Personal information
- Full name: Yan Yu
- Date of birth: 3 November 2002 (age 23)
- Place of birth: Wuyi County, Hebei, China
- Height: 1.75 m (5 ft 9 in)
- Position: Winger

Team information
- Current team: Shaanxi Union
- Number: 36

Youth career
- 2017–2023: Beijing Guoan

Senior career*
- Years: Team / Apps / (Gls)
- 2022–2024: Beijing Guoan / 8 / (1)
- 2024: → Heilongjiang Ice City (loan) / 27 / (1)
- 2025–: Shaanxi Union / 27 / (4)

= Yan Yu (footballer) =

Chinese footballer (born 2002)

Yan Yu (闫雨 (閆雨, Yán Yǔ); born 3 November 2002) is a Chinese professional footballer who plays as a winger for China League One club Shaanxi Union.

==Early life==
Yan Yu was first introduced to football when he got curious about the sport and signed up for football lessons around 2012. He is a Beijing Guoan supporter, and claims it was his childhood dream to play in front of tens of thousands of spectators. In 2017, he joined the Beijing Sinobo Guoan youth academy, playing as a full-back. In 2018, he played in the 2018 Chinese U-19 Super League for Beijing Sinobo Guoan. As Yan Yu preferred attacking, he was converted by coach Zhai Biao into a winger. In 2022, after three years without official matches at the youth level, he took part in Beijing Guoan's 2022 CFA U-21 League season. After scoring six goals and winning the CFA U-21 League title, he was credited with the Player of the Year award for his season.

==Career==
After a wave of injuries and COVID-19 cases that hit the Beijing Guoan first-team, Yan Yu, along with nine other U-21 teammates, were given the chance to play in the Chinese Super League. Manager Stanley Menzo started Yan Yu for his professional and senior debut on 23 December 2022 in a league fixture against Guangzhou. In the 31st minute, Yan Yu connected with a Hu Jiaqi corner to give Guoan the equaliser with his goal, with the game eventually finishing at a 3–1 victory to Beijing Guoan.

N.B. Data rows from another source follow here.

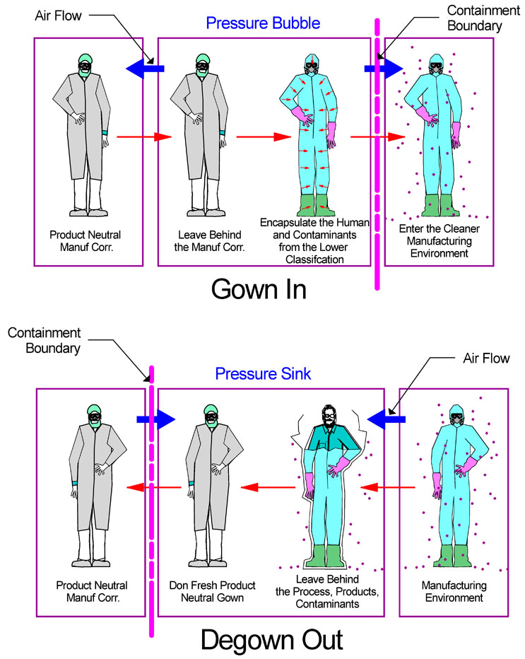 In practice, the need for segregation and containment may drive a gowning step upon entry even if there is no step up in environmental conditions within the manufacturing space. thereby having a layer of gowning present to remove upon egress.
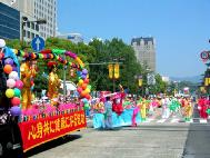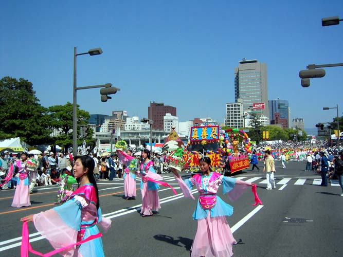 5月3日下午2时许,在巡游表演的长长的队伍中,由近200人的大法弟子组成的队伍一出场便博得市民的瞩目与欢迎。
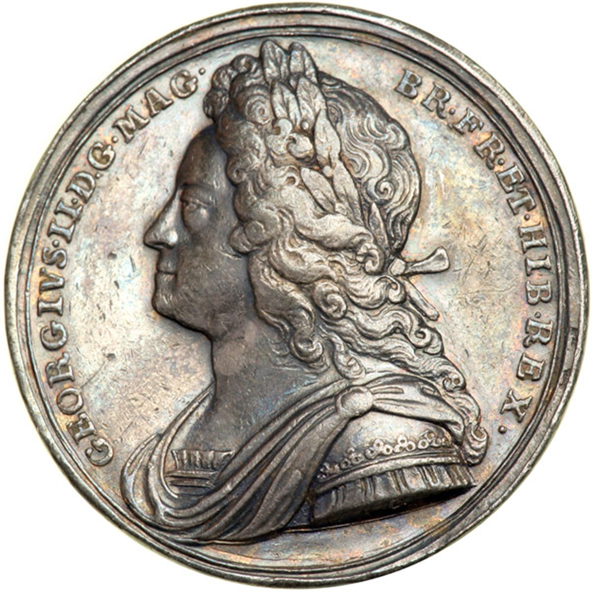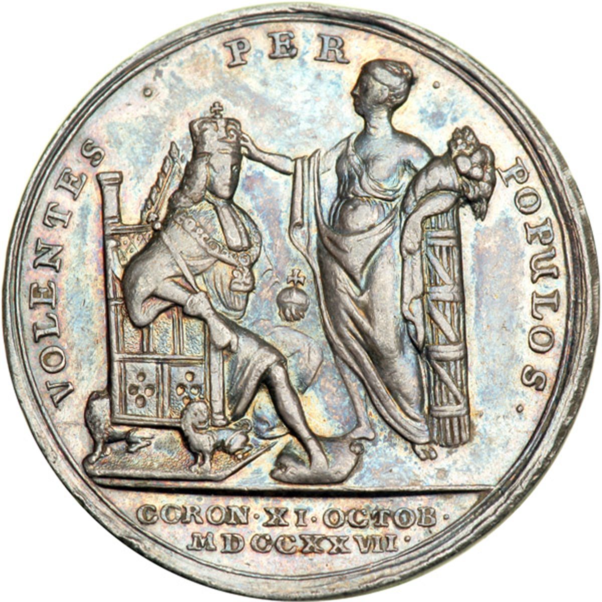 Great Britain. Coronation Medal, 1727. MI-479,4; Eimer-510. Silver. 34 mm. by J. Croker. George II, 1727-1760. Luaureat bust of king left. Reverse: King enthroned right, crowned by Britannia. Toned. NGC graded EF-45.
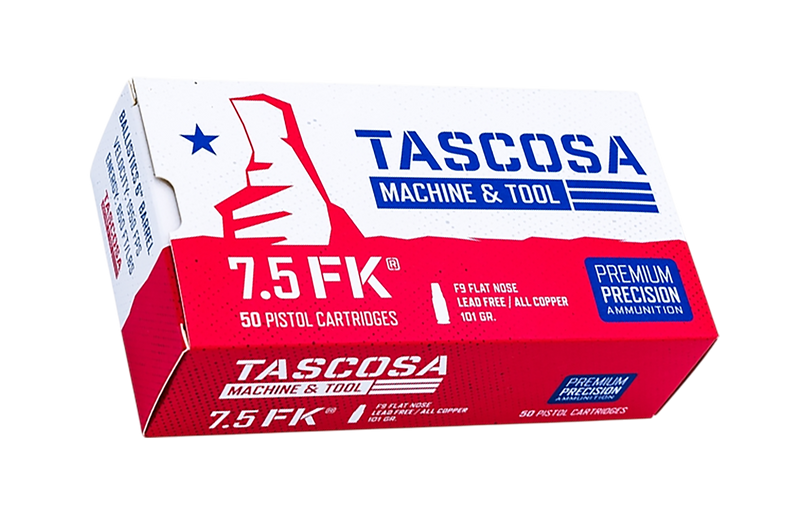 FK BRNO F9 ammunition in 7.5 FK caliber loaded with 101 grain all-copper monolithic flat nose bullets. Designed for defensive use and medium game hunting, this round generates a wide and deep permanent wound channel with high dynamic shock effect. Delivered as 50 rounds per box, 12 boxes per case.
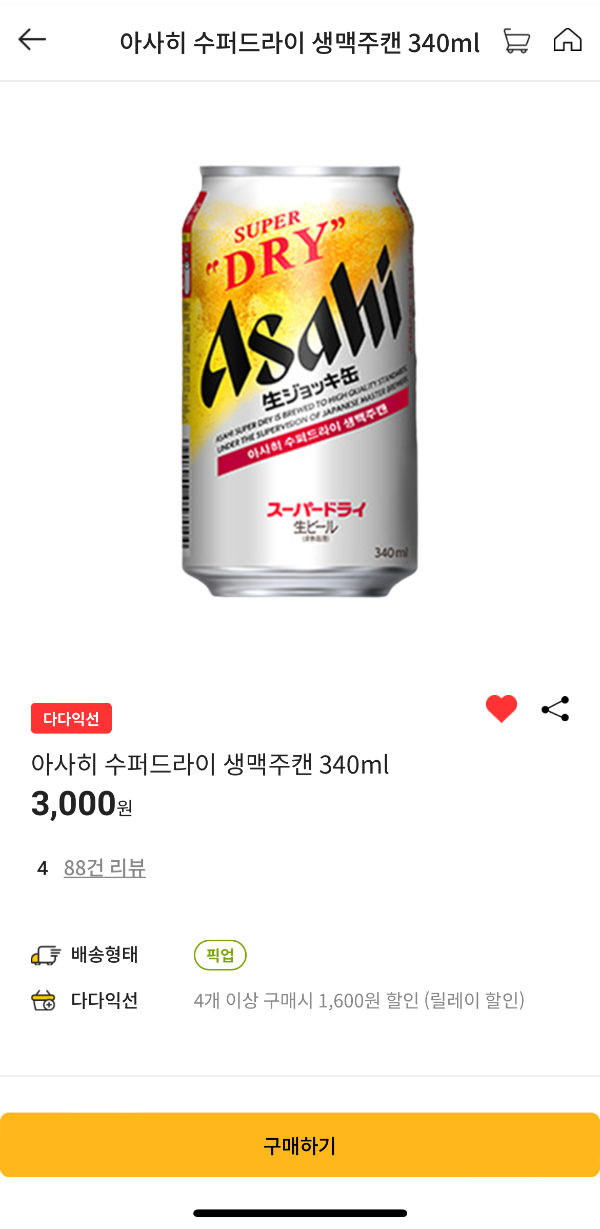 이마트 앱에서 아사히 수퍼드라이 생맥주캔을 검색한다.
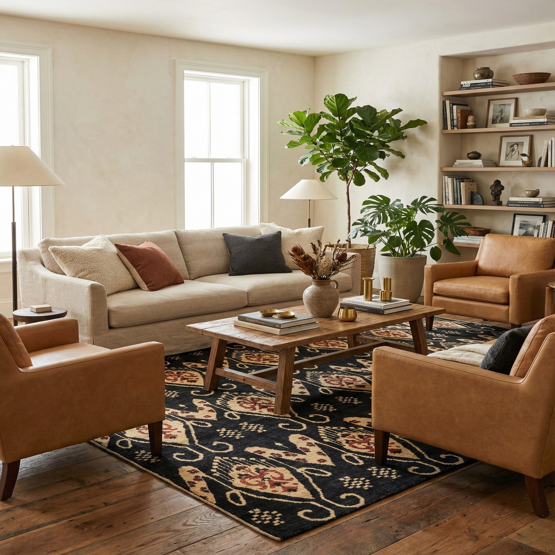 Primary color is Black. Colors in this rug include: Black, Cream, Gray, Terracotta, Beige, Olive.
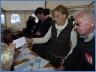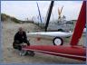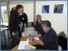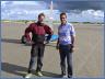 Das Helferteam um Kirsten Anton mit Karl-Heinz und Magdalena Wendisch, Christa Cranz, Friederike Hanke, Nadia Eickstädt und Beate Wachkamp erwartete am Freitagabend bis 19:00 Uhr die letzten Strandseglerpiloten im Zelt zum Abgleich mit den Nennungen zur Einschreibung vor Ort. Als einer der letzten traf Symen Voet, Klasse 3 Pilot aus De Panne in Belgien ein, meldete sich offiziell im Zelt beim Team an und ließ sich von Kirsten Anton die Anweisungen zur Einschreibung geben. Gemeinsam mit Michaela Schulz, Klasse 3 Pilotin aus Hamburg, und Paul Mahrt, mit 76 Jahren ältester teilnehmender Pilot von YCSPO, präsentierte er sein Euro-Shirt für die 49. Europameisterschaft vom 21. bis 27. September in St. Peter-Ording.
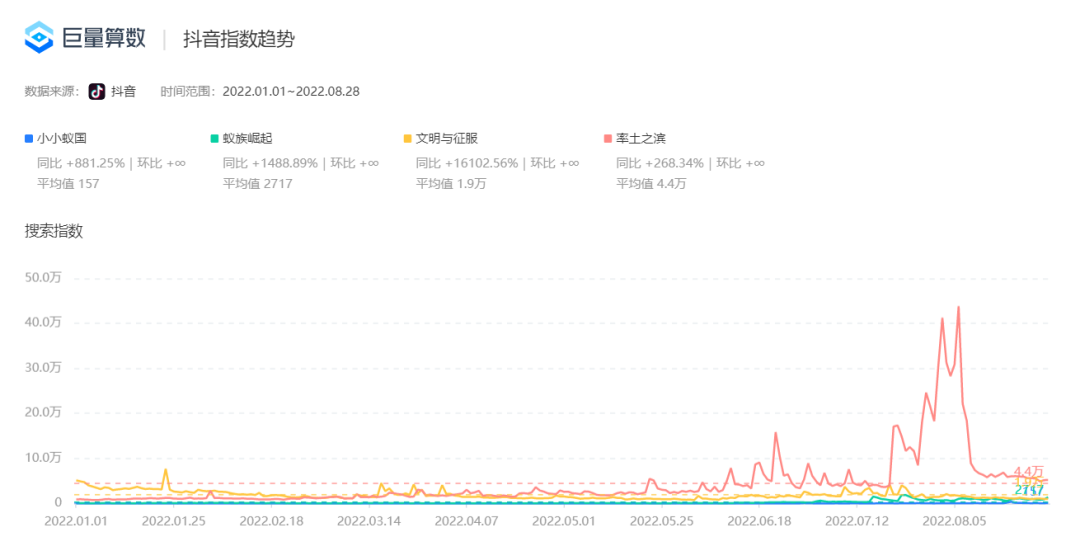 单从今年1-8月抖音的搜索均值来看,小小蚁国157、蚁族崛起2717,远低于文明与征服1.9万,率土之滨4.4万。具体数据来看,两款蚂蚁题材SLG的合计搜索均值仅为两款传统SLG产品的二十分之一。

Yan Yu was promoted to the Beijing Guoan first-team ahead of the 2023 season. On 9 June 2023, he made his first appearance of the season for the club, coming on as a substitute in the 67th minute in a league match against Dalian Pro, with Guoan trailing behind 2–0. The match finished 2–2. He was given eight more appearances off the bench in the 2023 season, with six being in the league and two in the 2023 Chinese FA Cup.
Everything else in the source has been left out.